11 June 2026: Articles
Panophthalmitis With Orbital Cellulitis Following Glaucoma Drainage Implant Surgery in an Adult Patient
Management of emergency care
Sami Alshahwan ABCDEFG 1, Arwa Aljohany ABCDEFG 1*, Abdullah Alkandari ABCDEFG 2, Mohammed Alsaedi ABCDEFG 3,4DOI: 10.12659/AJCR.951844
Am J Case Rep 2026; 27:e951844
Abstract
BACKGROUND: Glaucoma drainage implants, including the Paul glaucoma implant, are widely used in the management of refractory glaucoma when medical therapy and conventional filtering surgery prove insufficient. Although associated with favorable outcomes, rare but serious postoperative complications such as endophthalmitis and panophthalmitis can occur, resulting in significant visual morbidity.
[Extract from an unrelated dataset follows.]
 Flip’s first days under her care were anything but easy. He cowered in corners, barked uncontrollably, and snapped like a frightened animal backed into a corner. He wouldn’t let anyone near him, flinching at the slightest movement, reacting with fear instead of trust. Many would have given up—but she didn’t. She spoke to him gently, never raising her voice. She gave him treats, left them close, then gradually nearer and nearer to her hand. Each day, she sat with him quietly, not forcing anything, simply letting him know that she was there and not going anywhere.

CASE REPORT: We describe the case of a 77-year-old man with chronic angle-closure glaucoma who developed acute panophthalmitis with orbital cellulitis 12 days following uneventful Paul glaucoma implant surgery. He presented with severe ocular pain, eyelid swelling, restricted ocular motility, and marked reduction in visual acuity to light perception. Clinical examination revealed pronounced anterior and posterior segment inflammation. B-scan ultrasonography showed dense vitreous opacities, shallow choroidal detachment, and ocular wall thickening. Computed tomography of the orbit confirmed associated orbital cellulitis with proptosis and extraocular muscle swelling. The patient underwent vitreous tap with intravitreal vancomycin, ceftazidime, and dexamethasone, along with intensive topical and systemic antimicrobial therapy. Despite an initial partial response, progressive inflammation required pars plana vitrectomy. Removal of the glaucoma drainage implant was not possible intraoperatively due to severe inflammation. Microbiological cultures remained negative throughout. With coordinated multidisciplinary management involving glaucoma, retina, and oculoplastic services, orbital inflammation gradually resolved, and visual acuity improved from light perception to 20/250 at final follow-up.
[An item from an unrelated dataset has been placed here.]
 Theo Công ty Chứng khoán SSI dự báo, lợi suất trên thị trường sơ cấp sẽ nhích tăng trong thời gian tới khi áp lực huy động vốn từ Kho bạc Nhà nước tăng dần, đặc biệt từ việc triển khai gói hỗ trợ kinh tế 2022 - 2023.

CONCLUSIONS: This case highlights the importance of close postoperative monitoring to ensure correct diagnosis and aggressive management of infections, preservation of globe integrity, and optimization of visual outcomes following glaucoma drainage device surgery.
Keywords: Ophthalmology, Glaucoma, Glaucoma Drainage Implants, Endophthalmitis, orbital cellulitis, Case Reports, panophthalmitis
Introduction
Chronic angle-closure glaucoma (CACG) is a complex and challenging condition in ophthalmology, characterized by progressive optic nerve damage and visual field loss [1]. Despite advancements in treatment options, effectively managing difficult cases with chronic angle-closure glaucoma (CACG) is still a major challenge in clinical practice. In this case report, we present the clinical course of a patient with uncontrollable CACG who underwent a glaucoma drainage implant procedure as a last resort for intraocular pressure control. Unfortunately, during the postoperative period, the patient developed panophthalmitis with orbital cellulitis, which is a rare and serious complication. By reviewing the patient’s symptoms, diagnostic tests, treatment options, and results, our goal is to clarify the difficulties faced in treating unexpected and devastating complications that can occur after a glaucoma drainage implant procedure.
Case Report
A 77-year-old man with uncontrolled chronic angle-closure glaucoma presented with longstanding vision loss in the left eye and progressive visual decline in the right eye. The right eye surgical history included extracapsular cataract extraction with posterior chamber intraocular lens implantation performed several years prior, reflecting surgical practice at the time and the presence of a dense cataract that was not amenable to phacoemulsification given the technology available at that time. Additional procedures included trabeculectomy augmented with mitomycin C, 5-fluorouracil needling, and selective laser trabeculoplasty performed 9 months prior to presentation. Despite treatment with multiple topical medications – brinzolamide 1%-brimonidine 0.2% combination twice daily, betaxolol 0.25% twice daily, bimatoprost 0.01% once nightly, and pilocarpine 2% 4 times daily – with questionable compliance, intraocular pressure (IOP) remained uncontrolled. Visual acuity in the right eye declined from 20/40 to 20/160, prompting the addition of oral acetazolamide 250 mg twice daily and the decision to go ahead with glaucoma surgery.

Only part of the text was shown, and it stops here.